Ralph Steiner was an American photographer, pioneer documentarian and a key figure among avant-garde filmmakers in the 1930s. Born in Cleveland, Steiner studied chemistry at Dartmouth, but in 1921 entered the Clarence H. White School of Modern Photography. White helped Steiner in finding a job at the Manhattan Photogravure Company, and Steiner worked on making photogravure plates of scenes from
Robert Flaherty's 1922 Nanook of the North.
Not long after, Steiner's work as a freelance photographer in New York began, working mostly in advertising and for publications like Ladies' Home Journal. With fellow graduate
Anton Bruehl (1900–1982), in 1925, they opened a studio on 47th Street, producing a narrative series of amusing table-top shots of three cut‑out figures dressed in suits for
The New Yorker magazine; advertisements for Weber and Heilbroner menswear in a running weekly series. Their client was wiped out in the Wall Street Crash.
Through the encouragement of fellow photographer
Paul Strand, Steiner joined the left-of-center
Film and Photo League around 1927. He was also to influence the photography of
Walker Evans, giving him guidance, technical assistance, and one of his view cameras.

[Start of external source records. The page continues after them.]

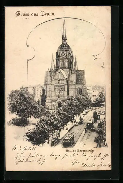 AK Berlin, Heilige Kreuzkirche mit Strassenbahn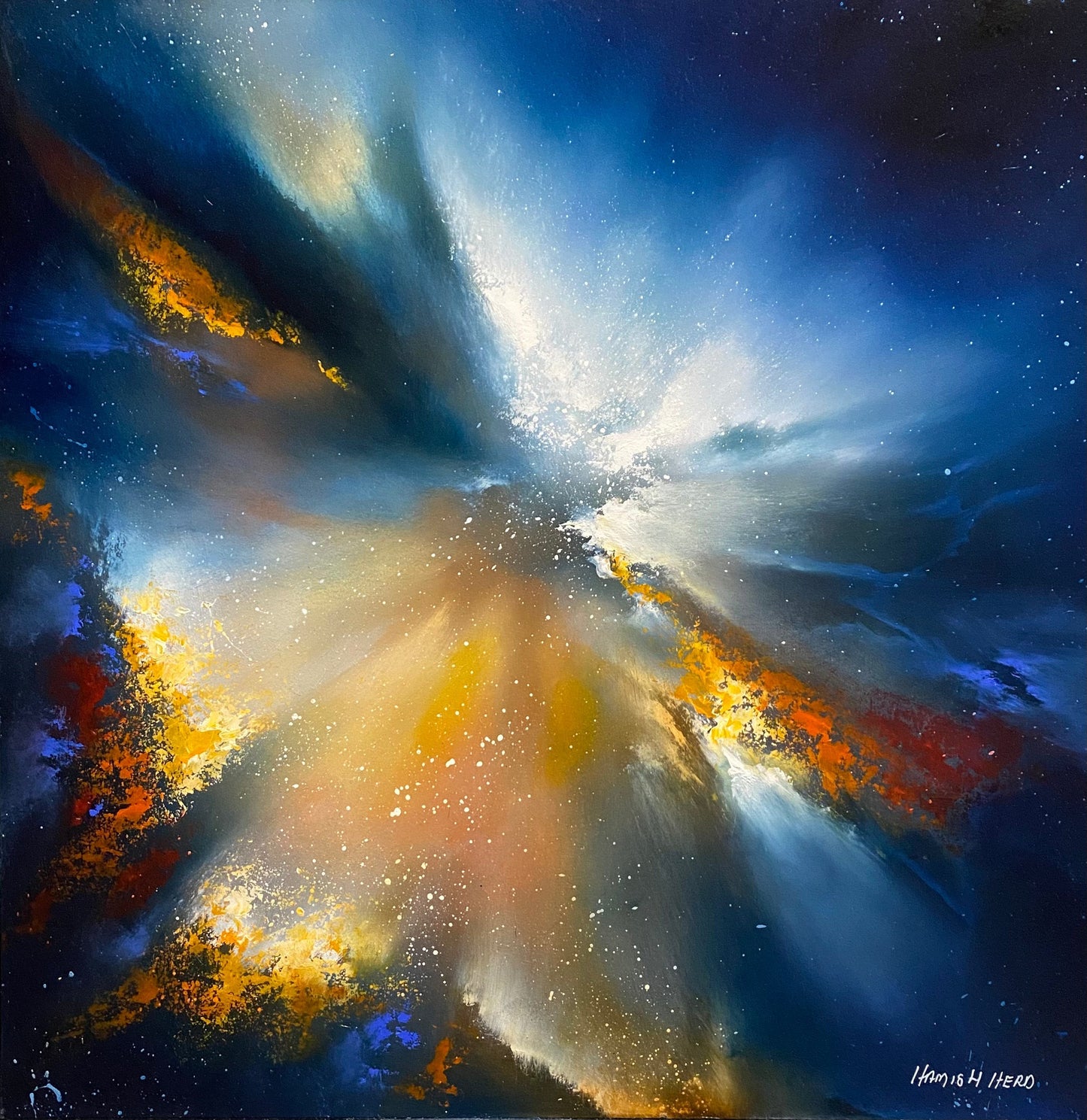 "New Beginnings" by Hamish Herd is an original abstract piece which evokes a sense of calm amidst the stormy seas. Let it transport you to a world of beauty and depth, handcrafted by the renowned artist himself.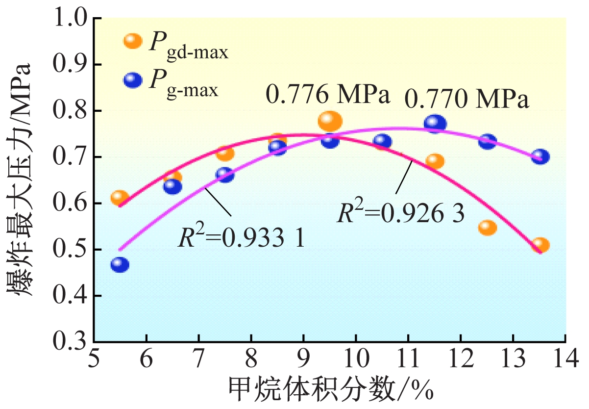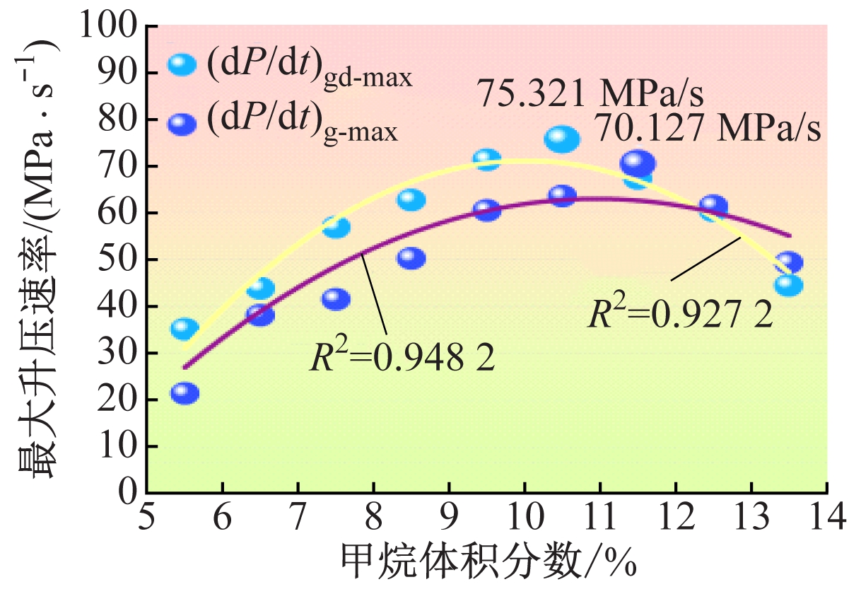 对各浓度下甲烷/煤尘的Pgd-max,(dP/dt)gd-max和Tgd-max进行拟合。由图6可知,拟合优度R2均较未加入煤尘时降低,说明由于煤尘的参与,Pgd-max,(dP/dt)gd-max和Tgd-max的规律性下降。

Steiner's still photographs are notable for their odd angles, abstraction and sometimes bizarre subject matter; the 1944 image
Gypsy Rose Lee and Her Girls is sometimes mistaken for
Weegee. His experimental films, however, are considered central to the literature of early American avant-garde cinema, and the influence of Ralph Steiner's visual style continues to assert itself; for example, contemporary avant-garde filmmaker
Timoleon Wilkins cites Steiner as an inspiration. In his appreciation of Steiner, author
Scott McDonald expands that list to include
Dorsky,
Andrew Noren,
Larry Gottheim and
Peter Hutton. The links between the first generation of American avant-garde filmmakers such as Steiner with the second – exemplified by
Maya Deren,
Stan Brakhage and others – are few, but Steiner is among those who managed to bridge the gap.
Source: Wikipedia
At the end of the 1960s Steiner relocated to Vermont. After making three more films he devoted himself to photographing clouds for nearly twenty years, primarily on the coast of Maine and in Oaxaca, Mexico. Clouds have been of longstanding interest to painters throughout the history of art. In photography, the subject is often associated with
Alfred Stieglitz, who made photographs of clouds entitled Equivalents, believing them to appeal directly to the subconscious mind. Steiner similarly saw the evocative potential in cloud formations, although he felt the meaning of any given image was far more mercurial than his predecessor.
Leaving his works deliberately untitled, he invites viewers to use their imaginations and provide their own titles, which, in his estimation, becomes a process of testing out different descriptions and metaphors. In 1985, shortly before his death, Steiner published a book of these studies, In Pursuit of Clouds.